THE DATA Start Marker

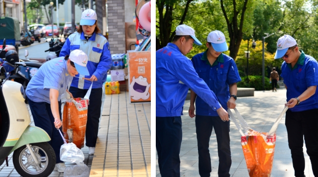 大家帶上工具和環(huán)保垃圾袋,兵分兩路,干勁十足。沿途彎腰拾撿道路上的廢紙、果皮、煙頭等各種垃圾,當然隱藏在綠化帶中的垃圾也逃不過(guò)志愿者的“火眼金睛”,順勢停下探身去撿,不放過(guò)任何死角。家人們將凡事徹底的精神落實(shí)到底,撿起一片垃圾,讓街道少一點(diǎn)臟亂,多一份干凈。在志愿者們的認真清潔下,手中拎著(zhù)的環(huán)保袋里 “戰利品”越來(lái)越多,收獲滿(mǎn)滿(mǎn)?;厥自倏?,人行道煥然一新,街邊的綠化帶再也沒(méi)有垃圾的“點(diǎn)綴”,變得更加綠意盎然。
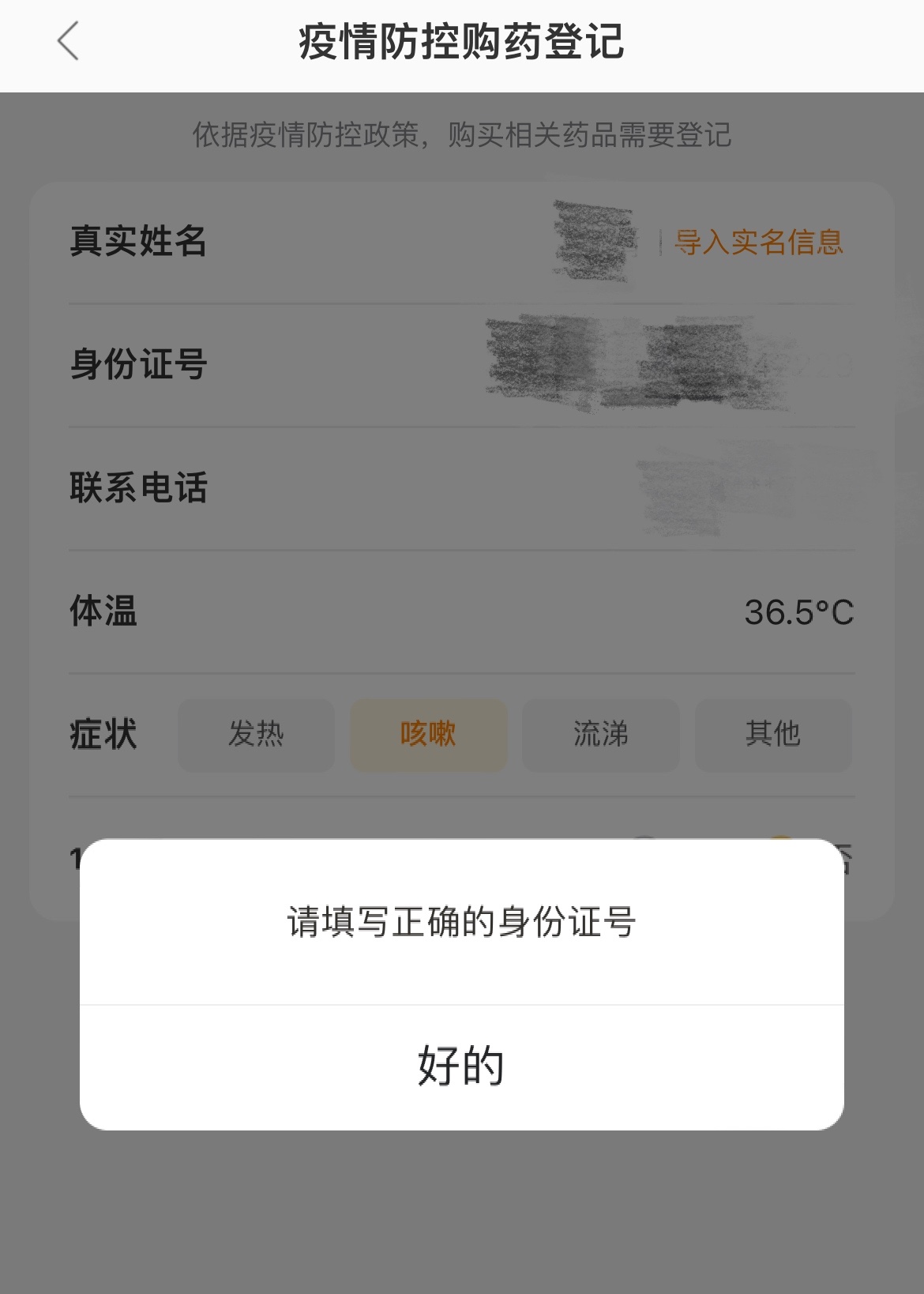 在疫情防控购药登记页面,消费者需要填写用药人的真实姓名、身份证号、联系电话、体温信息。还要在发热、咳嗽、流涕等症状中进行勾选,并确认用药人14天内是否去过境外、中高风险地区。
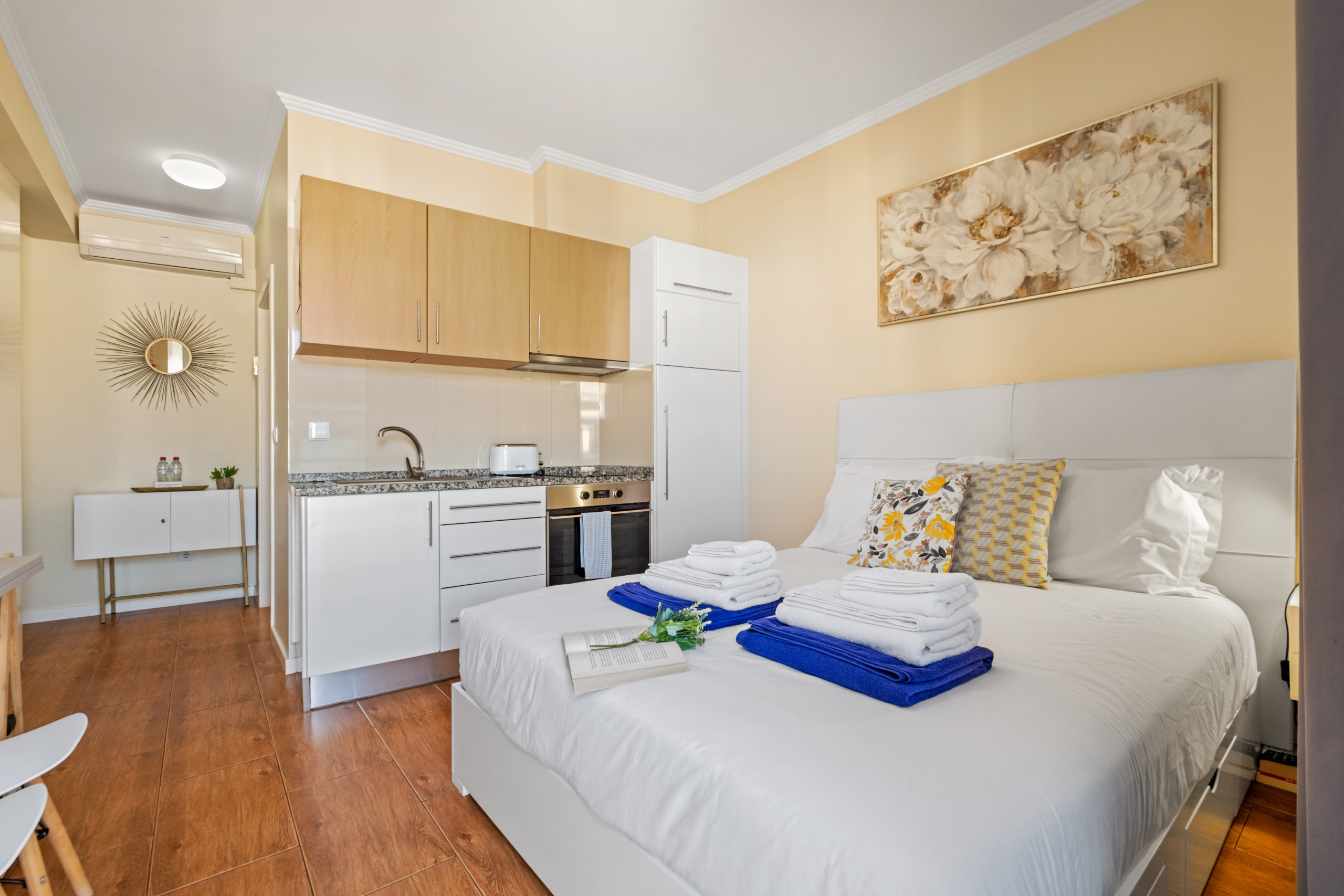 Ao entrar, encontra um espaço funcional e bem organizado, composto por um quarto com cama de casal, guarda-roupa e uma pequena secretária, ideal para quem precisa de conciliar lazer com trabalho.
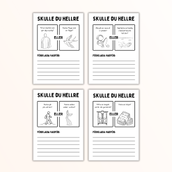 Den frågan och 10 andra får eleverna klura på när de gör dessa arbetsblad. Perfekt uppgift för elever som blir klara snabbt med ordinarie uppgift (och väldigt roligt att läsa i efterhand).

THE DATA End Marker

**WORK REQUEST**
A verbatim transcript of the material above, with images dropped, is the expected output.

**FINISHED EXERCISE**
 大家帶上工具和環(huán)保垃圾袋,兵分兩路,干勁十足。沿途彎腰拾撿道路上的廢紙、果皮、煙頭等各種垃圾,當然隱藏在綠化帶中的垃圾也逃不過(guò)志愿者的“火眼金睛”,順勢停下探身去撿,不放過(guò)任何死角。家人們將凡事徹底的精神落實(shí)到底,撿起一片垃圾,讓街道少一點(diǎn)臟亂,多一份干凈。在志愿者們的認真清潔下,手中拎著(zhù)的環(huán)保袋里 “戰利品”越來(lái)越多,收獲滿(mǎn)滿(mǎn)?;厥自倏?,人行道煥然一新,街邊的綠化帶再也沒(méi)有垃圾的“點(diǎn)綴”,變得更加綠意盎然。
 在疫情防控购药登记页面,消费者需要填写用药人的真实姓名、身份证号、联系电话、体温信息。还要在发热、咳嗽、流涕等症状中进行勾选,并确认用药人14天内是否去过境外、中高风险地区。
 Ao entrar, encontra um espaço funcional e bem organizado, composto por um quarto com cama de casal, guarda-roupa e uma pequena secretária, ideal para quem precisa de conciliar lazer com trabalho.
 Den frågan och 10 andra får eleverna klura på när de gör dessa arbetsblad. Perfekt uppgift för elever som blir klara snabbt med ordinarie uppgift (och väldigt roligt att läsa i efterhand).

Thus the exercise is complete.